INTRODUCTION A L'HISTOIRE DE LA GAUCHE GERMANO-HOLLANDAISE

Franz Mehring, auteur réputé d'une biographie de Marx et d'une histoire de la social-démocratie allemande, compagnon d'armes de Rosa Luxemburg, soulignait en 1896 -dans la Neue Zeit - toute l'importance que revêt pour le mouvement ouvrier la réappropriation de son propre passé :

"C'est un avantage qu'a le prolétariat, par rapport à tous les autres partis, de pouvoir puiser sans cesse de nouvelles forces dans l'histoire de son propre passé pour mener la lutte du présent et atteindre le nouveau monde du futur. "

L'existence d'une véritable "mémoire ouvrière" traduit un effort constant du mouvement ouvrier, dans sa dimension révolutionnaire, pour se réapproprier son propre passé. Cette réappropriation est indissociablement liée à l'auto développement de la conscience de classe, qui se manifeste pleine­ment dans les luttes massives du prolétariat. Et Mehring notait dans le même article que "comprendre c'est dépasser" (auflieben), dans le sens de conserver et d'assimiler les éléments d'un passé qui portent en germe le futur d'une classe historique, d une classe qui est la seule classe historique en étant porteuse du "nouveau monde du futur". Ainsi, on ne peut guère comprendre l'émergence de la Révolution russe d'octobre 1917 sans les expériences de la Commune de Paris et de 1905 en Russie.

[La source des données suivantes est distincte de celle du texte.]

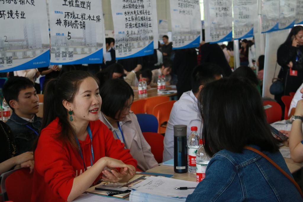 在双选会上,tyc5997太阳集团党委副书记张强也来到环境学院的应聘区,详细询问环境学院学生面试情况,来自环工的应届毕业生陈磊说道:“双选会是一个很好的机会用来锻炼自己,方便掌握一些求职技巧,为以后的面试积累经验。”来自环境生态工程的大三学生刘川源表示:“双选会对于大三的我们来说,更多的是为我们提供了一个提前了解就业环境和锻炼自我的机会。通过双选会去了解企业和我们会面对的工作环境,争取了一定的实习经验。这样才有利于我们在以后踏入社会后,更好更快的适应离开校园的变化。”

Considérant que l'histoire du mouvement ouvrier ne peut se réduire à une suite d'images d'Epinal, faisant revivre de façon colorée un passé révolu, et encore moins à des études acadé­miques où "le passé du mouvement ainsi miniaturisé en des études minutieuses, pédantes, privées de toute perspective gé­nérale, isolées de leur contexte, n'est susceptible de susciter qu'un intérêt fort limité" (G. Haupt, L'Historien et le mouve­ment social), nous avons fait le choix dans notre travail d'aborder l'histoire du mouvement ouvrier révolutionnaire germano-hollandais en tant que praxis. Nous faisons nôtre cette définition donnée par G. Haupt. Considérée comme l'expression d'un "matérialisme militant" (Plékhanov), cette praxis se définit comme un "laboratoire d'expériences, d'échecs et de succès, champ d'élaboration théorique et stra­tégique, où rigueur et examen critique s’imposent pour fixer la réalité historique et par là même découvrir ses ressorts cachés, pour inventer donc innover à partir d'un moment historique perçu comme expérience." (Haupt, Ibid.)

Pour le mouvement ouvrier révolutionnaire, l'histoire de son propre passé n'est pas "neutre". Elle implique une constante remise en question et donc assimilation critique de son expé­rience passée. Le bouleversement révolutionnaire dans la praxis du prolétariat est sous-tendu finalement par un boule­versement en profondeur de la conscience de classe. Seul l'examen critique du passé, sans dogmes ni tabous, peut re­donner au mouvement ouvrier révolutionnaire cette dimension historique caractéristique d'une classe ayant une finalité, sa libération et celle de l'humanité. Rosa Luxemburg définissait ainsi la méthode d'investigation par le mouvement ouvrier de son propre passé :

"Il n'existe pas de schéma préalable, valable une fois pour toutes, pas de guide infaillible pour lui montrer (au proléta­riat) les voies sur lesquelles il doit s'engager. Il n'a pas d'autre maître que l’expérience historique. Le chemin de croix de sa libération n'est pas pavé seulement de souffrances sans bornes, mais aussi d'erreurs innombrables. Son but, sa libération, il l'atteindra s'il sait tirer l'enseignement de ses propres erreurs" (R. Luxemburg, La crise de la social-démocratie ; cité par G. Haupt, L'historien et le mouvement social, Maspéro, 1980.)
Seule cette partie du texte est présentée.